■ PROBLEM
Of the lines in the material below, print only those from the one containing "This Harrogate coffee" to the one containing "This protein-packed acai", ends included, exactly as written and without pictures.

■ EXERCISE INPUTS
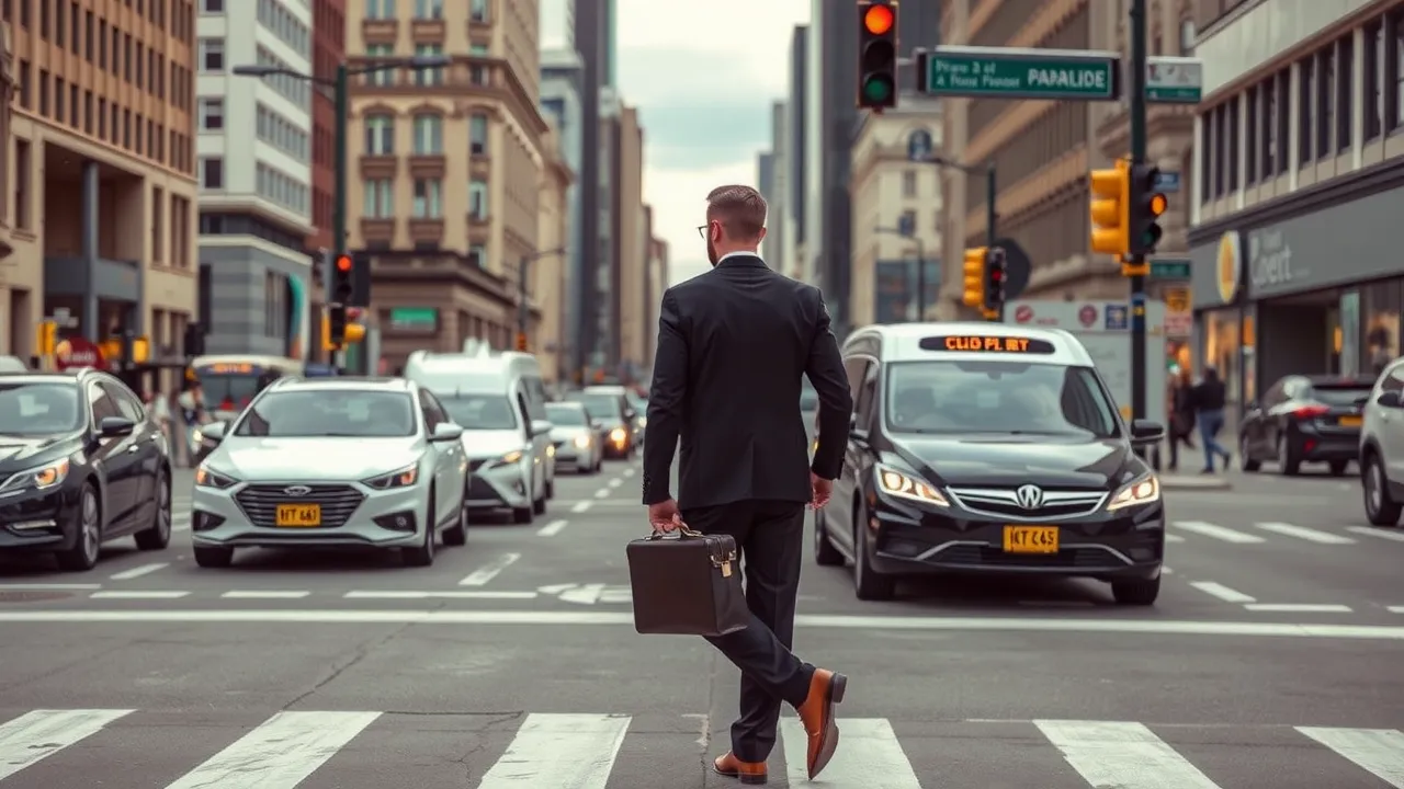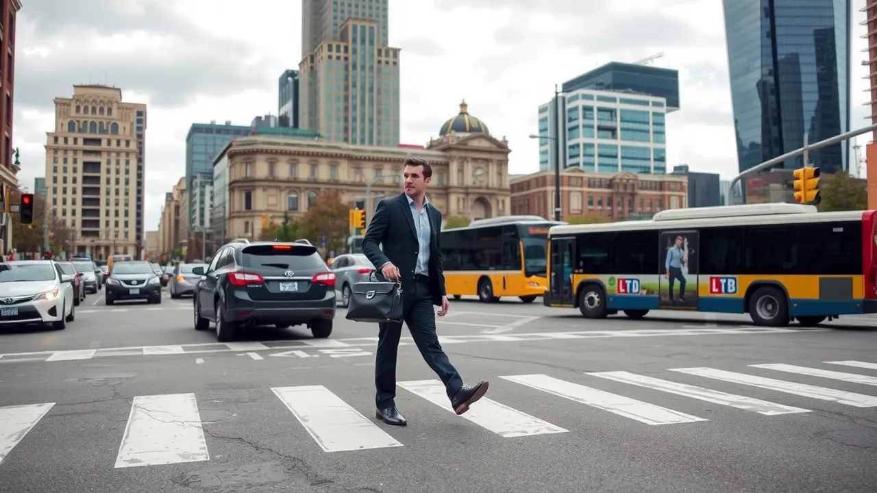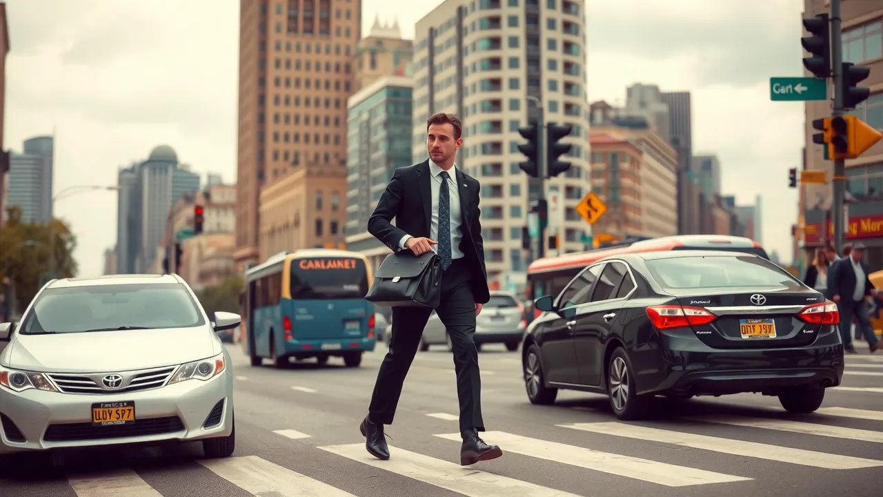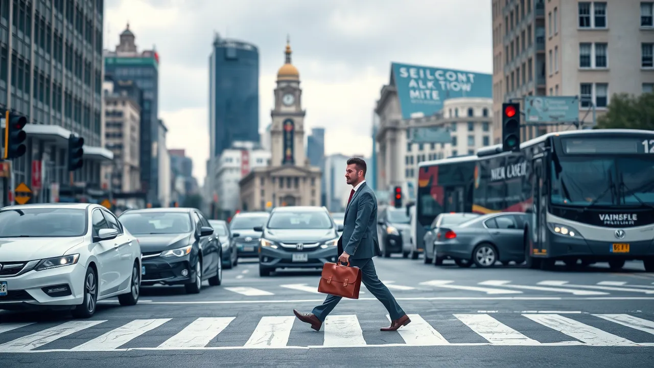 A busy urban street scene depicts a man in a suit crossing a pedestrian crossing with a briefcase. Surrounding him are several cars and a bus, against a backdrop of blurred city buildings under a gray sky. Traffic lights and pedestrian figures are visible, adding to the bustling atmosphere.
* * *
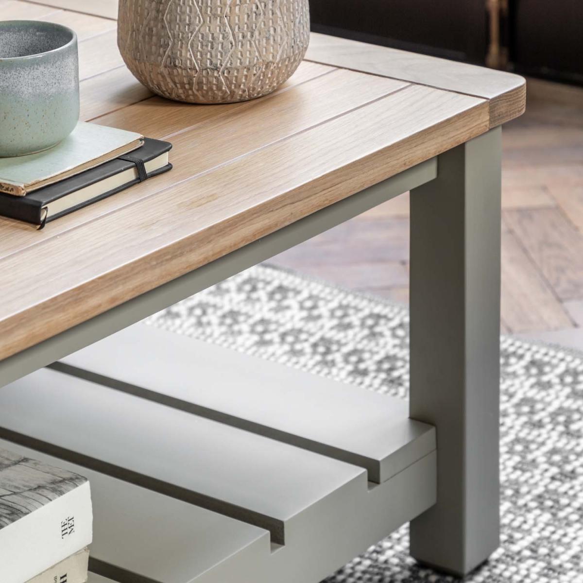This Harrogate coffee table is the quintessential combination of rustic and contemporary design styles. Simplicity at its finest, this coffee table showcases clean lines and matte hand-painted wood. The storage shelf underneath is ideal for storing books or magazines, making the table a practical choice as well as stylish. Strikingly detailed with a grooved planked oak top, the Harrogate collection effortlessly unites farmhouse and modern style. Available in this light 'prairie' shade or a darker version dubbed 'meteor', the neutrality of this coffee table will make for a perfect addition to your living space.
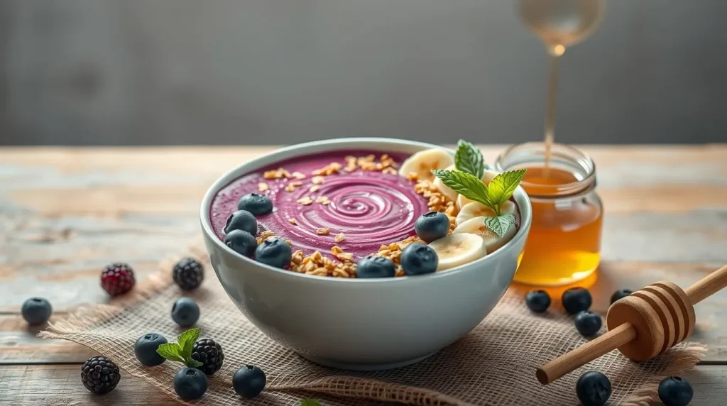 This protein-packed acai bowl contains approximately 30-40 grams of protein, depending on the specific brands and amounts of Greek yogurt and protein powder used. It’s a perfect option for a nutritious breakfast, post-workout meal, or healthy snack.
...
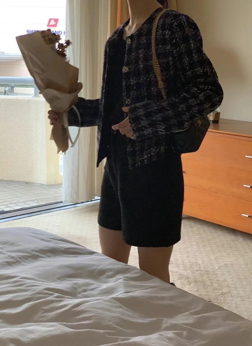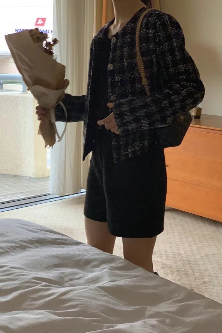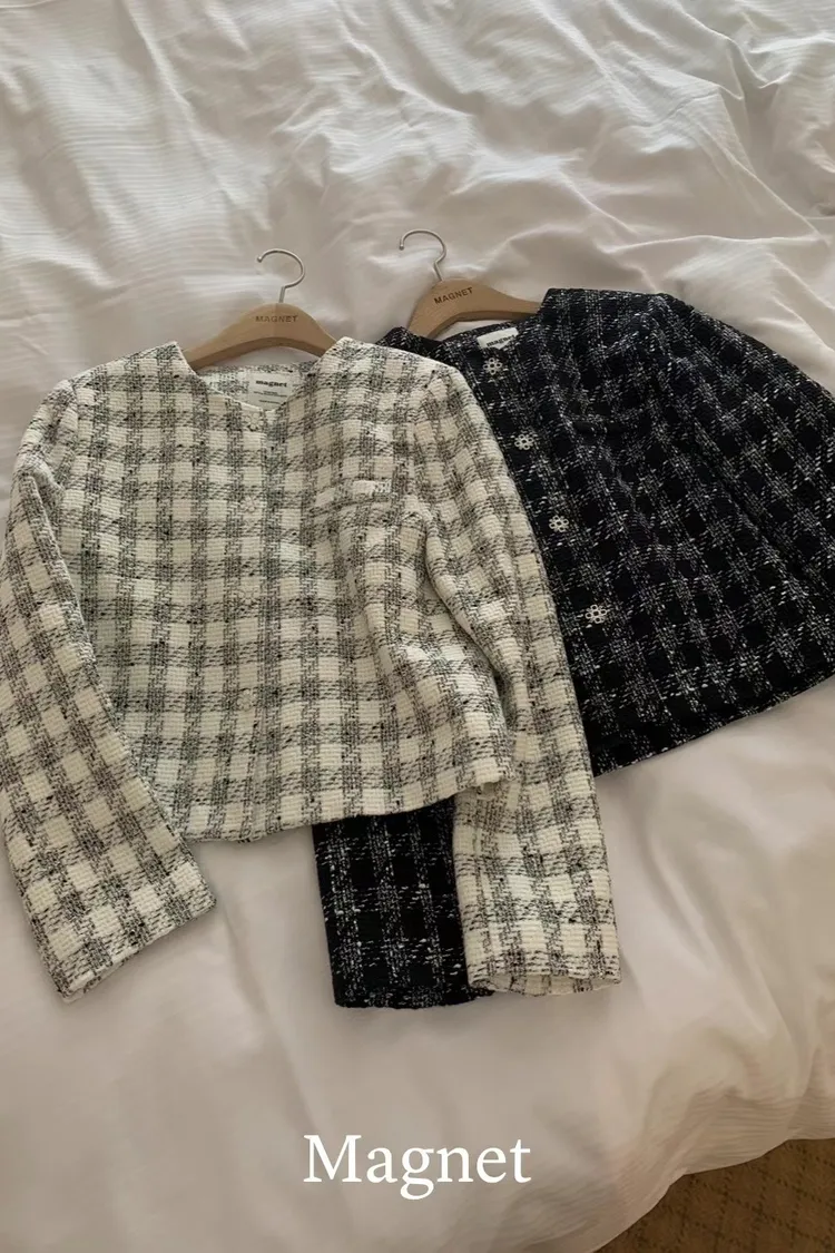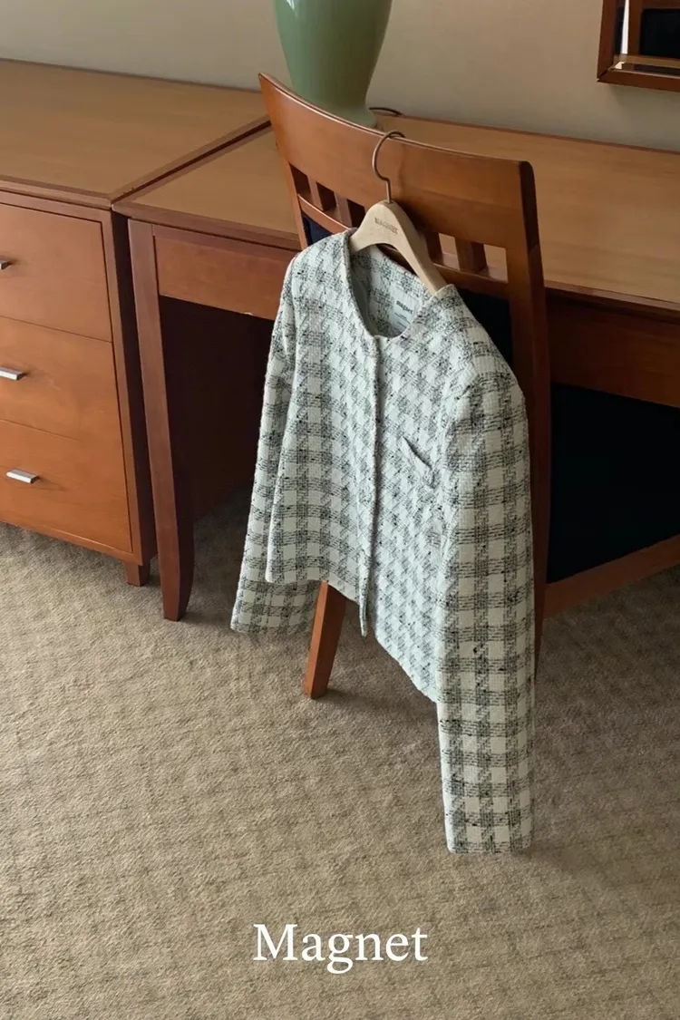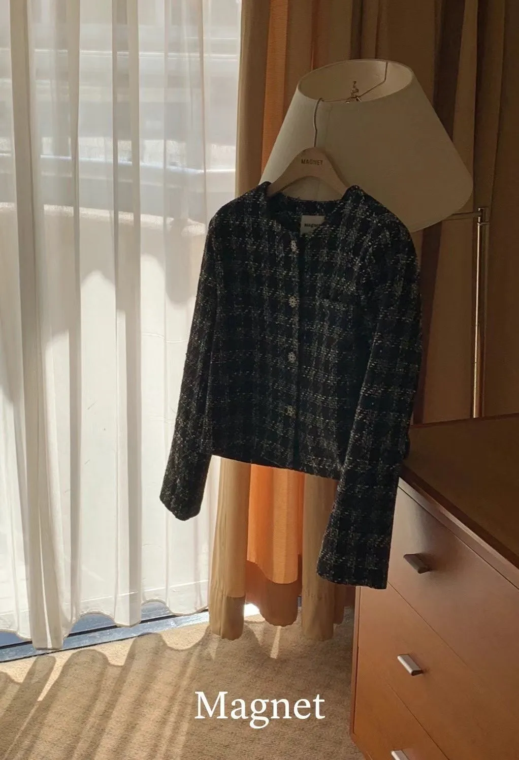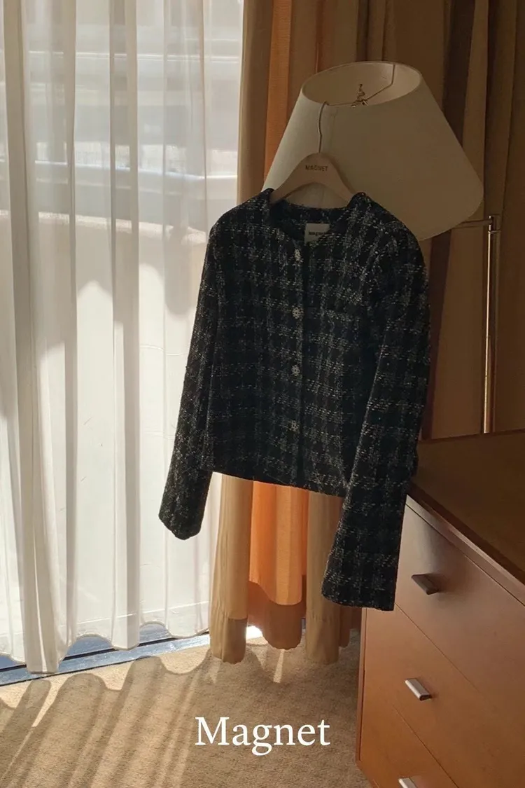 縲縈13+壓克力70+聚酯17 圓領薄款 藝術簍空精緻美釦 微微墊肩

■ THE COMPLETED TASK
This Harrogate coffee table is the quintessential combination of rustic and contemporary design styles. Simplicity at its finest, this coffee table showcases clean lines and matte hand-painted wood. The storage shelf underneath is ideal for storing books or magazines, making the table a practical choice as well as stylish. Strikingly detailed with a grooved planked oak top, the Harrogate collection effortlessly unites farmhouse and modern style. Available in this light 'prairie' shade or a darker version dubbed 'meteor', the neutrality of this coffee table will make for a perfect addition to your living space.
 This protein-packed acai bowl contains approximately 30-40 grams of protein, depending on the specific brands and amounts of Greek yogurt and protein powder used. It’s a perfect option for a nutritious breakfast, post-workout meal, or healthy snack.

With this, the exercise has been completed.